Unsaturated fatty acid-doped liposomes deliver piperine to deactivate defensive mechanism for ferroptosis in cancer therapy

Glutathione peroxidase 4 (GPX4) and dihydroorotate dehydrogenase (DHODH) are two mitochondrial cellular defense systems that operate in parallel to protect against ferroptosis. Simultaneously deactivating both proteins can initiate lipid peroxidation, leading to ferroptosis and subsequent cell death.
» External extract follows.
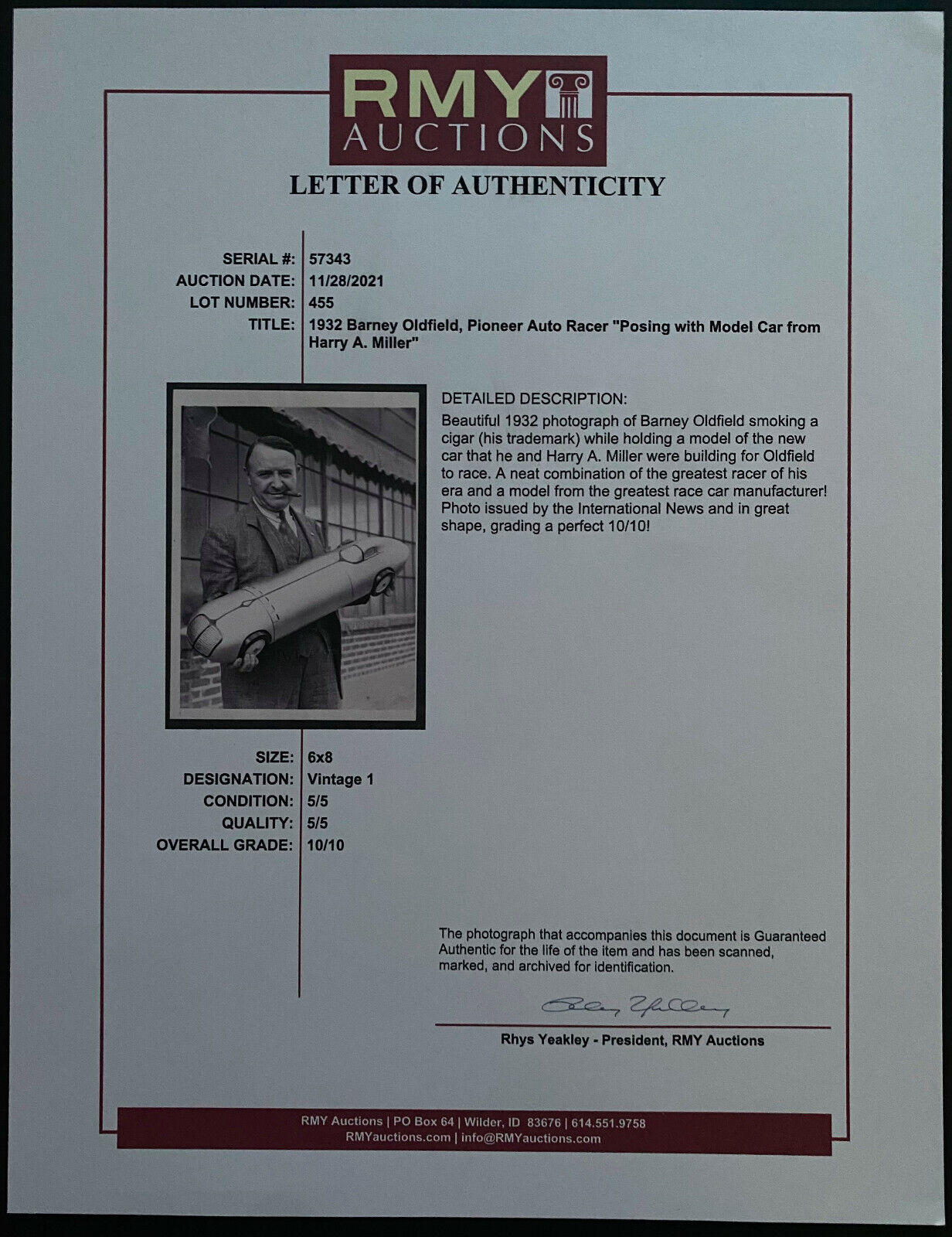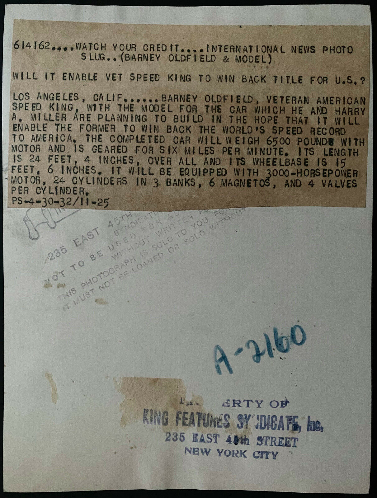 • November 25th, 1932 press photo of racing legend Barney Oldfield holding a model of a car built for Oldfield to attempt to win back the World's Land speed record

In this study, we developed a transferrin-modified liposomes (TDPL) doped with unsaturated fatty acid docosahexaenoic acid (DHA) as a lipid peroxidation inducer and encapsulated piperine (PIP) to realize effective anticancer therapy. Specifically, transferrin serves a dual role in this system, acting as both a ligand targeting transferrin receptors and a Fe 3+ ionophore. Triggered by the low pH in the lysosome, Fe 3+ ions bound to transferrin are released and reduce to Fe 2+ , which can subsequently catalyze the peroxidation of unsaturated fatty acid. Meanwhile, DHA incorporated into the lipid bilayer of the liposome, can fuse with the cell membrane and deactivate GPX4 and thus inducing lipid peroxidation. Furthermore, PIP functions as a potent DHODH inhibitor. Such combination prevents the detoxification of lipid hydroperoxides by GPX4 and the suppression of lipid peroxyl radical production by DHODH. Collectively, this straightforward system promotes antitumor efficacy of unsaturated fatty acid DHA and drug molecule PIP by inhibiting ferroptosis protection mechanisms to induce lipid peroxidation.